Evaluation of peel, flesh, and kernel of mango (Mangifera indica L.) for phytochemicals and application as functional ingredients in bakery formulation

Faculty Agriculture Year: 2024
Type of Publication: ZU Hosted Pages: 49
Authors:
Journal: Nutrire Springer Nature Volume: 45
Keywords : Evaluation , peel, flesh, , kernel , mango (Mangifera    
Abstract:
Purpose The purpose of this study is to characterize and compare the distribution of nutritionals, as well as bioactive compounds, and the antioxidant activities in the mango (Mangifera indica L.) fruit different fractions. Additionally, specific formulations of biscuits made by incorporating powders from three fractions were investigated. Methods Separation of three fractions of mangoes was followed by drying and extraction to compare their nutritional and bioactive contents. The dried powders of each fraction were used at different replacement levels with wheat flour to develop biscuits, which were then also explored for their nutritional and bioactive variations.
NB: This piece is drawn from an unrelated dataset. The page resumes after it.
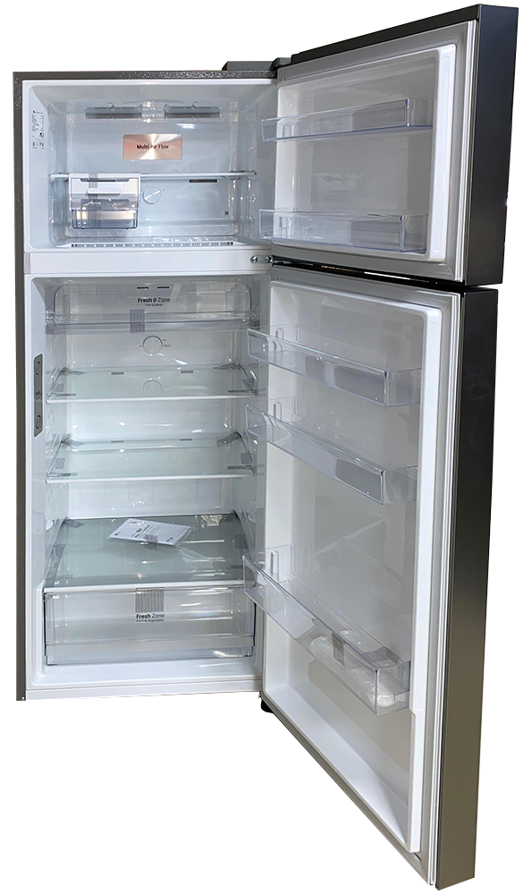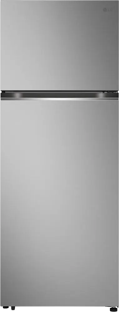 ثلاجة إل جي بفريزر علوي بسعة 461 لتر، لون فضي، مزودة بتقنية DoorCooling+™ التي توفر تبريدًا أسرع وأكثر تساويًا، وضاغط عاكس خطي لتوفير الطاقة. الأبعاد: 700 مم عرض × 1845 مم ارتفاع × 725 مم عمق.

Results Among three fractions, mango pulp powder had significantly high ash and fiber contents, while kernel powder protein and fat contents. For minerals, significantly high values (mg/100 g) of Mg (132.43), Fe (15.70), Zn (4.23), Cu (2.56), and Mn (0.60) were found in peel powders, followed by kernel. Similarly, peel extracts exhibited significantly high contents of total phenolics (56.34 mg GAE/100 g), flavonoids (19.89 mg QE/100 g), carotenoids (65.12 mg/100 g), β-carotene (24.90 mg/100 g), and antioxidant activity (36.83 ± 0.15 mg Trolox/100 g), as compared to pulp and kernel. Upon incorporation in biscuits, peel powder incorporated biscuits were found high in these bioactives. Growth of tested bacteria was significantly retarded by kernel extracts, whereas fungus species by peel extracts. Sensory analysis evidenced comparable acceptability of biscuits fortified with 5% mango fractions powders. Conclusion Mango byproducts can be used to recover a variety of bioactive chemicals and into the creation of nutritive food compositions.